Rebecca Skloot’s award-winning book “The Immortal Life of Henrietta Lacks” recounts a similar wrong. Shortly before a woman named Henrietta Lacks died of cervical cancer in 1951, doctors removed some of her cancer cells and, without her knowledge or consent, developed an “immortal” cell line.

These “HeLa” cells revolutionized treatment of cancer and other illnesses and made a fortune for those distributing them — without the consent of, or any compensation to, her family. Mrs. Lacks was poor and Black, when racial segregation was common. The born and unborn have sometimes been treated as raw material for research.

Given that abortion is the unjust killing of the innocent, how far does the line of moral responsibility extend? Catholic authorities, including the Vatican’s Congregation for the Doctrine of the Faith, have offered guidance.

The most egregious wrong is in performing the abortion itself. Those cooperating with the abortionist to obtain tissue also acted wrongly, followed by those who voluntarily chose to use it for research.

Over time, these cells were so widely used that they became a “gold standard,” pressuring researchers to use them so their studies could be published and compared with others.

The good news is that this is changing.
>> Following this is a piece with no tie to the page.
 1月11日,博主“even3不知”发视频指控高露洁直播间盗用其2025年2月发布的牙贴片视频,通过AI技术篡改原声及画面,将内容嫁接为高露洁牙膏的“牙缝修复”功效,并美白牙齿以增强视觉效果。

Two major COVID-19 vaccines, from Moderna and Pfizer, were developed with new technology that does not use any cell line. Unfortunately, even these companies felt obliged to test their vaccines afterward on the HEK-293 line to show they are as effective as others.

This first step away from relying on fetal cell lines is due to pro-life Americans, including Catholic leaders, who urged the government and vaccine companies to take that step. These efforts must continue.
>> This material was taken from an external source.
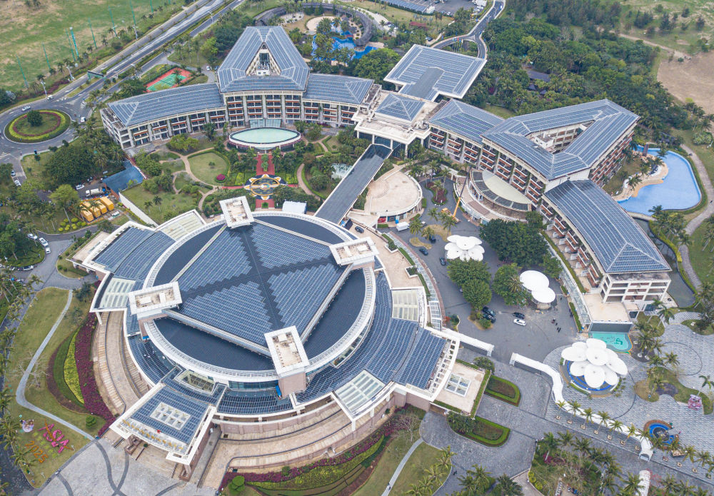 圖為博鰲亞洲論壇國(guó)際會(huì)議中心和博鰲亞洲論壇大酒店屋頂?shù)墓夥O(shè)備(2025年3月16日攝,無人機(jī)照片)。 新華社記者 蒲曉旭 攝

How to deal with vaccines in the meantime? The church says our receiving them bears a remote connection with past evil, and is justified for serious reasons — and it seems vaccination is the most effective way to protect ourselves and others.

The moral equation, then, includes this imperative to protect life. A recent study in the Journal of the American Medical Association concludes that having COVID-19 symptoms increases a pregnant woman’s risk of dying during or immediately after pregnancy 20 times. (Admittedly, the risk for pregnant women generally is low.)

There are more complications for the unborn and newborn child, and even infected women without symptoms may have a higher risk of preeclampsia.

So we are talking not so much about two classes of people, as about a common search for the best way to respect human life. In seeking to honor the lives of unborn children who died in the past, we should try not to endanger them here and now.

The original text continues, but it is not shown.